> _Exercise prompt_:
Look through the data below and output, unchanged, every line from the one holding "マッチングから時間が経てば経" through the one holding "Bring a touch", inclusive. Skip the pictures.

> _Data supplied_:

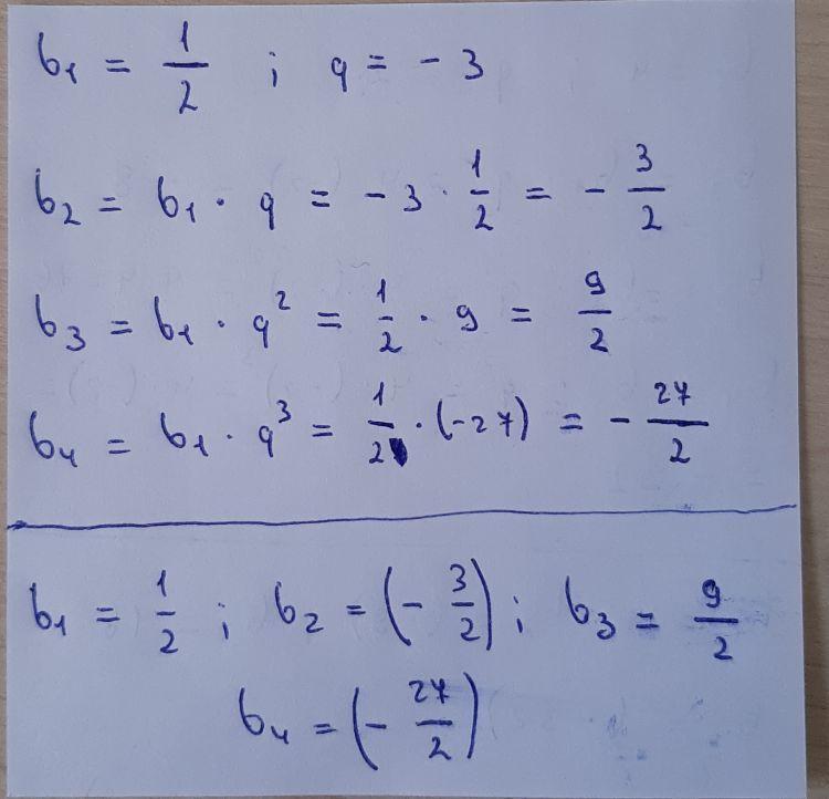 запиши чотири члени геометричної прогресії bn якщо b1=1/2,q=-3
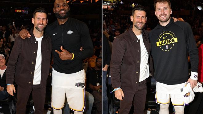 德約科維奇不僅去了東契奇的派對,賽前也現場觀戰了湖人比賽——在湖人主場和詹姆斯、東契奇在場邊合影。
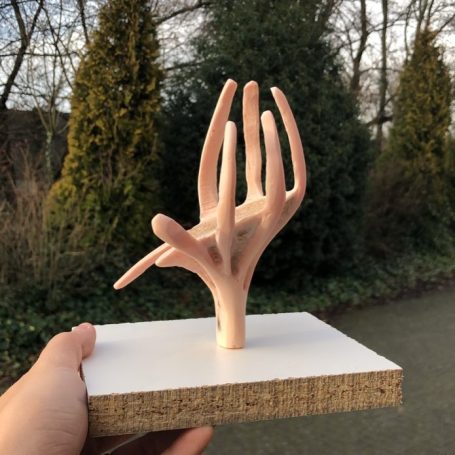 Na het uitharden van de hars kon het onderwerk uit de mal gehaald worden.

...

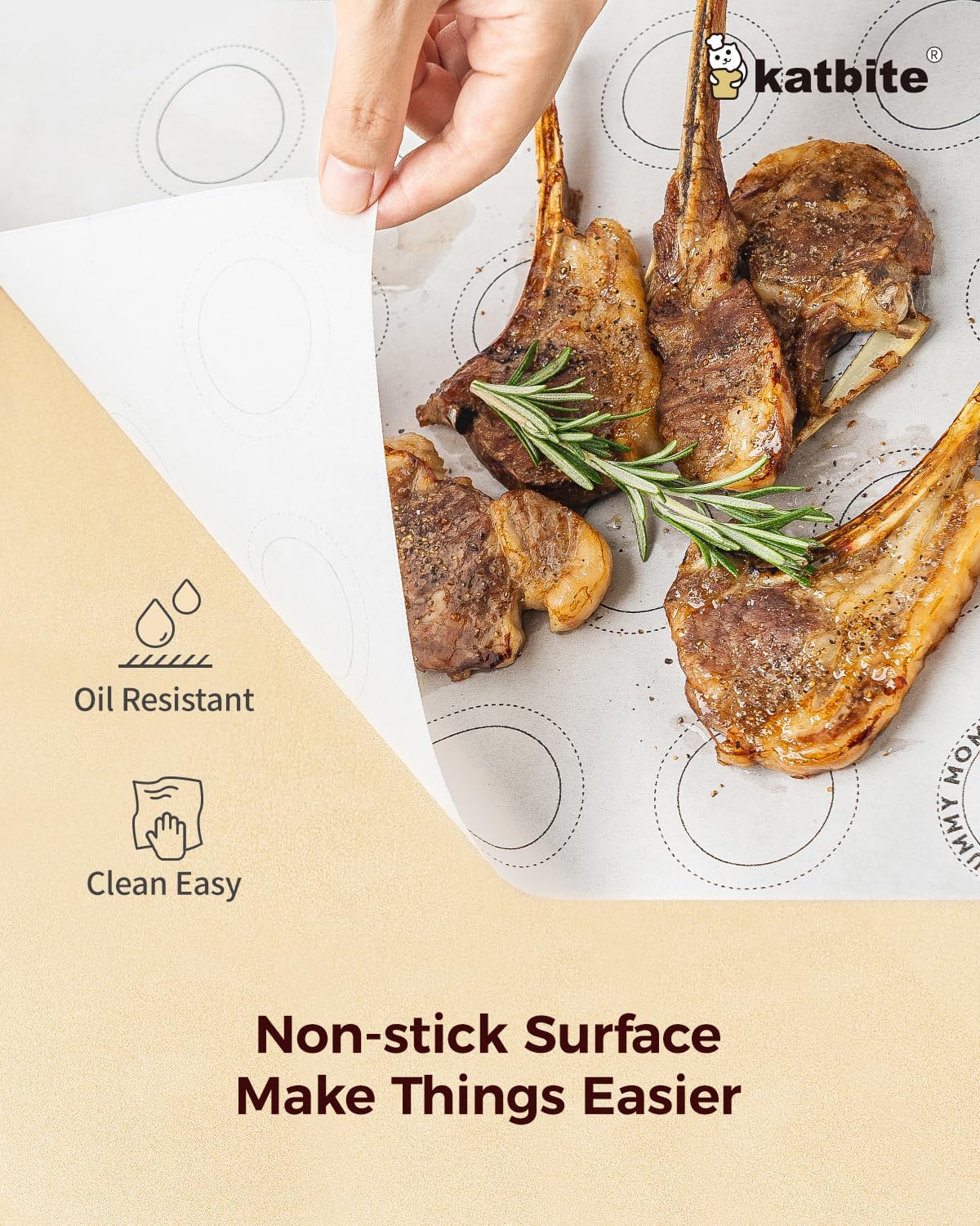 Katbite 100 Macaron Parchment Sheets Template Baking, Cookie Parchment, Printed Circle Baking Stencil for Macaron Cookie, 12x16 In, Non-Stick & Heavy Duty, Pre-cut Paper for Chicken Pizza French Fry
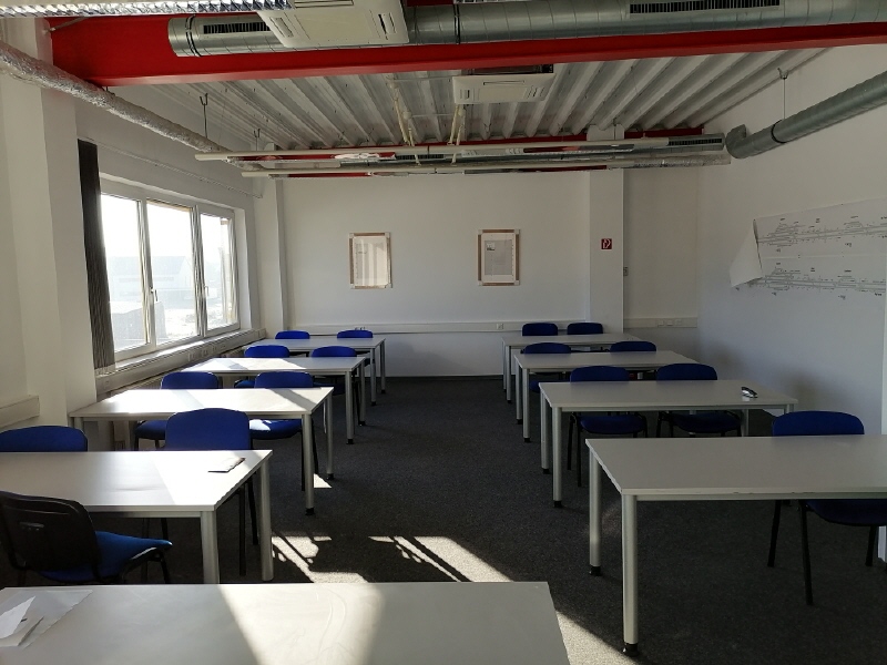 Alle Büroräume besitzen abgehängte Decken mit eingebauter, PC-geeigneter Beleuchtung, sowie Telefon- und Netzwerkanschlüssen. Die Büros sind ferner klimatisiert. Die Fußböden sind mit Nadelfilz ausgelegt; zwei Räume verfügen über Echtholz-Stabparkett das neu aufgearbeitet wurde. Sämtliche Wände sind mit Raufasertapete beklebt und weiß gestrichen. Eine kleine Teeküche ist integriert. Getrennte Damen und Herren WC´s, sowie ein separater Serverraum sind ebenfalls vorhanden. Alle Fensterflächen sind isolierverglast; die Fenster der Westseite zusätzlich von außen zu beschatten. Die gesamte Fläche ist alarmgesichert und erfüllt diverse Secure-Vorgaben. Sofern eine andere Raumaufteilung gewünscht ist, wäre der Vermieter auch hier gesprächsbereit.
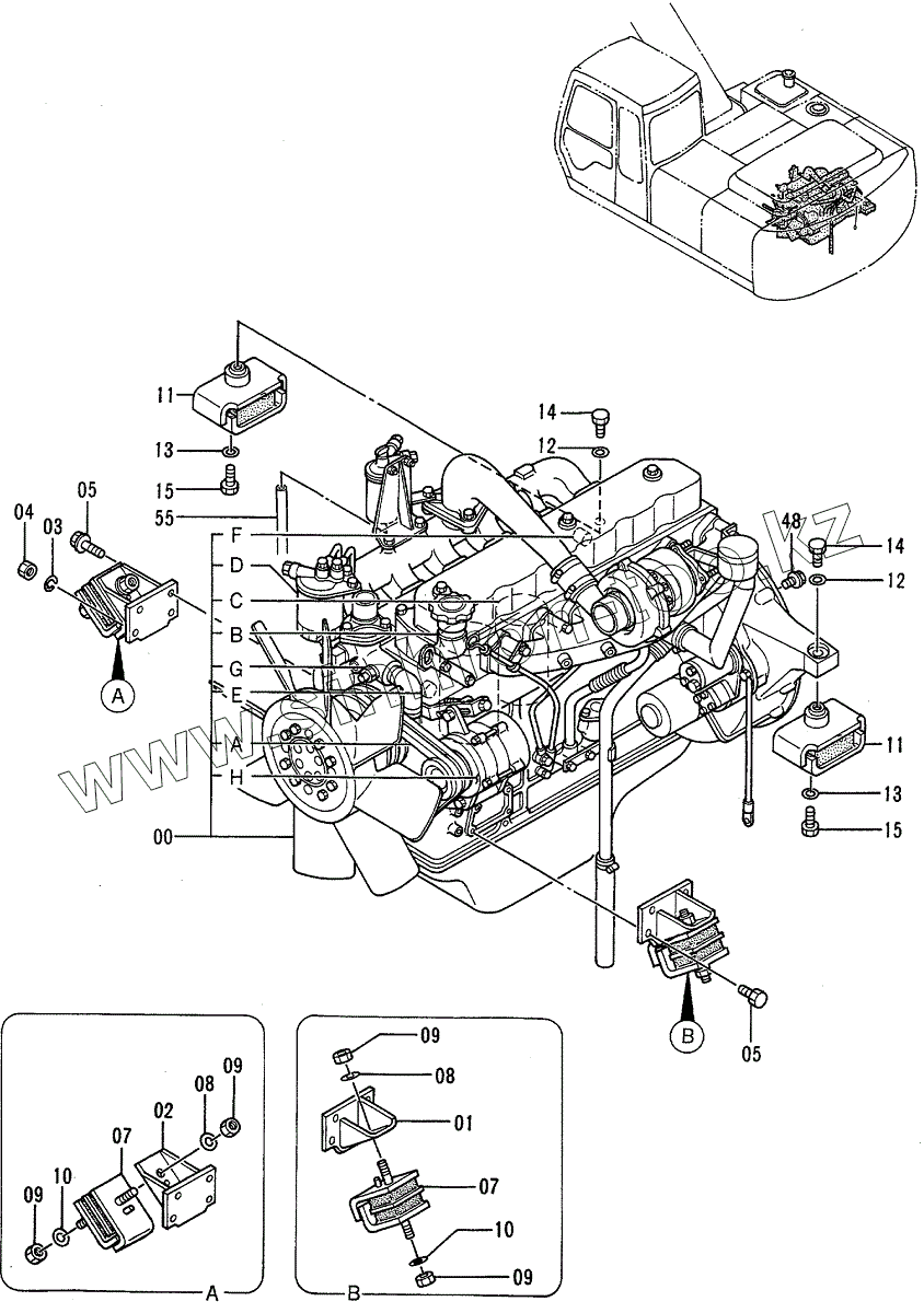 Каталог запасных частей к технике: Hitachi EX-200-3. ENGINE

---

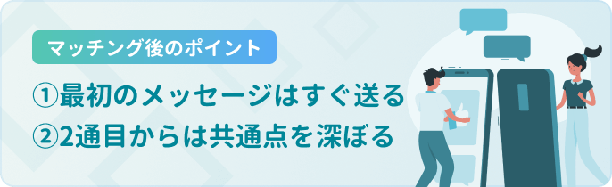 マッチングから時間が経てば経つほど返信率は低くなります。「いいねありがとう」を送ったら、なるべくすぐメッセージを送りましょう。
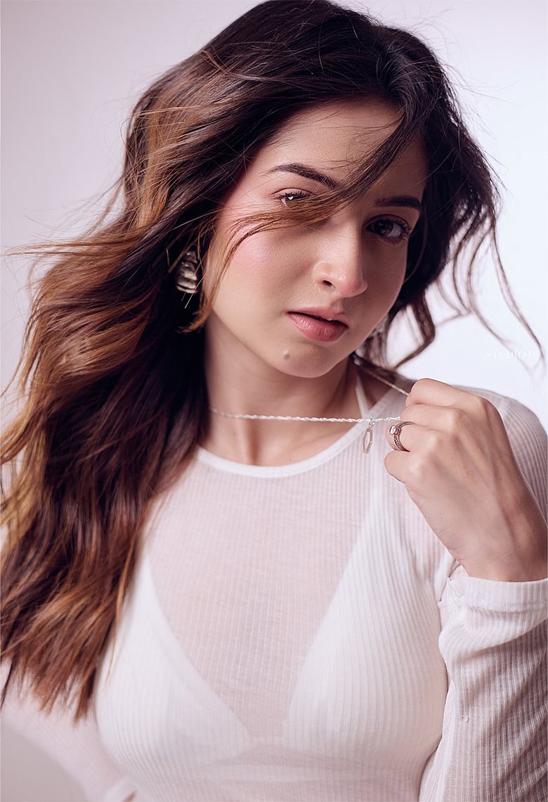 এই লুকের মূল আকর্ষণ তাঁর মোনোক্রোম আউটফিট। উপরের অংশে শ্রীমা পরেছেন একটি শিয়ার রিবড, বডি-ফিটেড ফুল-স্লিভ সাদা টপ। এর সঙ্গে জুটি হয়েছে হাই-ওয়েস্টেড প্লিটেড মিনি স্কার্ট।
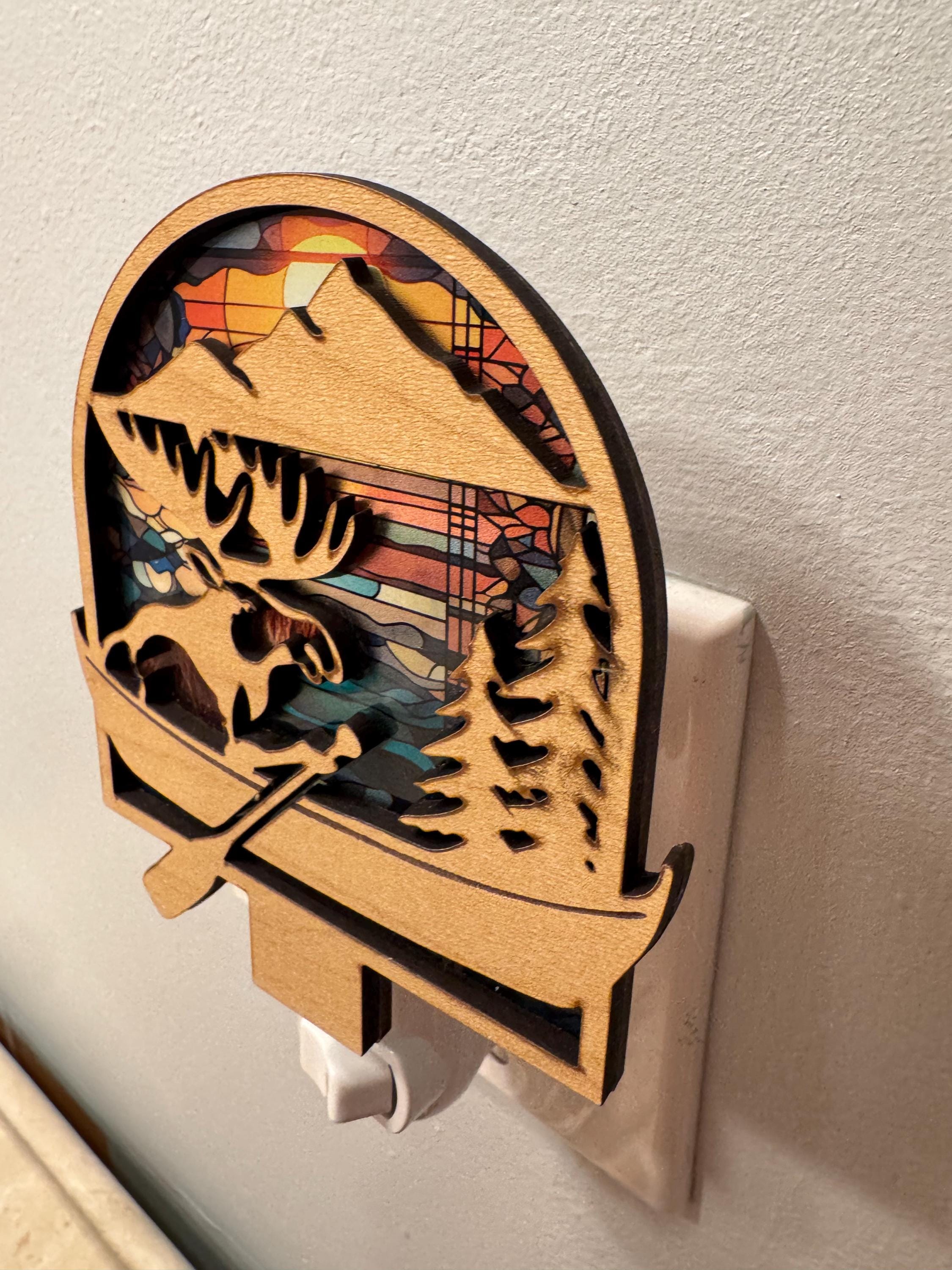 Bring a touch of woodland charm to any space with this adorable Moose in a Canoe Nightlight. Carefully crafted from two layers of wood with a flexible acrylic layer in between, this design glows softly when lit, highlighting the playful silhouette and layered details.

> _Finished exercise_:
 マッチングから時間が経てば経つほど返信率は低くなります。「いいねありがとう」を送ったら、なるべくすぐメッセージを送りましょう。
 এই লুকের মূল আকর্ষণ তাঁর মোনোক্রোম আউটফিট। উপরের অংশে শ্রীমা পরেছেন একটি শিয়ার রিবড, বডি-ফিটেড ফুল-স্লিভ সাদা টপ। এর সঙ্গে জুটি হয়েছে হাই-ওয়েস্টেড প্লিটেড মিনি স্কার্ট।
 Bring a touch of woodland charm to any space with this adorable Moose in a Canoe Nightlight. Carefully crafted from two layers of wood with a flexible acrylic layer in between, this design glows softly when lit, highlighting the playful silhouette and layered details.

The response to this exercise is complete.